Итак, я показал произвольность делений у Уилкинса, у неизвестного (или апокрифического) китайского энциклопедиста и в Брюссельском библиографическом институте; очевидно, не существует классификации мира, которая бы не была произвольной и проблематичной. Причина весьма проста: мы не знаем, что такое мир. «Мир, – пишет Дэвид Юм, – это, возможно, примитивный эскиз какого-нибудь ребячливого Бога, бросившего работу на полпути, так как он устыдился своего неудачного исполнения; мир – творение второразрядного божества, над которым смеются высшие боги; мир – хаотическое создание дряхлого Бога, вышедшего в отставку и давно уже скончавшегося» («Dialogues Concerning Natural Religion» [295], V, 1779).
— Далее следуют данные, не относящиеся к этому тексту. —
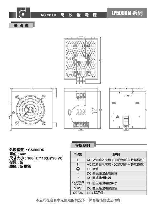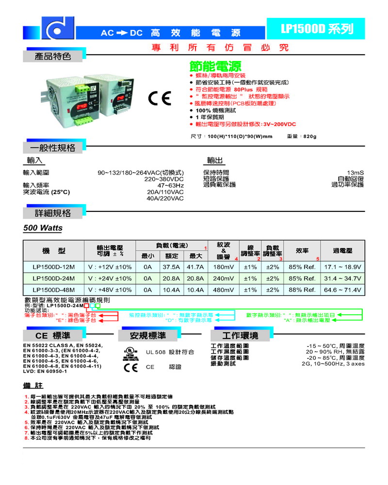 3、输入电压:100/220V AC(切换式电压) ,符合全球使用标准;

Можно пойти дальше, можно предположить, что мира в смысле чего-то ограниченного, единого, мира в том смысле, какой имеет это претенциозное слово, не существует. Если же таковой есть, то нам неведома его цель; мы должны угадывать слова, определения, этимологии и синонимы таинственного словаря Бога.
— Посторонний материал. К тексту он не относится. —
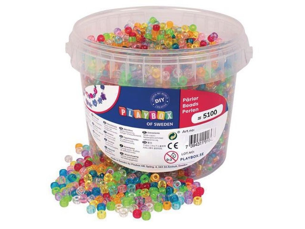 Färgglada kongopärlor för allt pyssel! Praktisk hink full av färgglada kongopärlor i mindre storlek i transparenta kulörer. Passar perfekt till att göra fina dekorationer, armband eller halsband och pärlornas stora hål gör dem lätta att trä. - Antal: Ca 5000/FP - Storlek: Ø 6 mm - Vikt: ca 450 g - Färger: Blå, lila, röd, cerise, rosa, orange, gul och grön

Невозможность постигнуть божественную схему мира не может, однако, отбить у нас охоту создавать наши, человеческие схемы, хотя мы понимаем, что они – временны. Аналитический язык Уилкинса – не худшая из таких схем. Ее роды и виды противоречивы и туманны; зато мысль обозначать буквами в словах разделы и подразделы, бесспорно, остроумна. Слово «лосось» ничего нам не говорит; соответственно слово zana содержит определение (для человека, усвоившего сорок категорий и видов в этих категориях): рыба, чешуйчатая, речная, с розовым мясом. (Теоретически можно себе представить язык, в котором название каждого существа указывало бы на все подробности его бытия, на его прошлое и будущее.)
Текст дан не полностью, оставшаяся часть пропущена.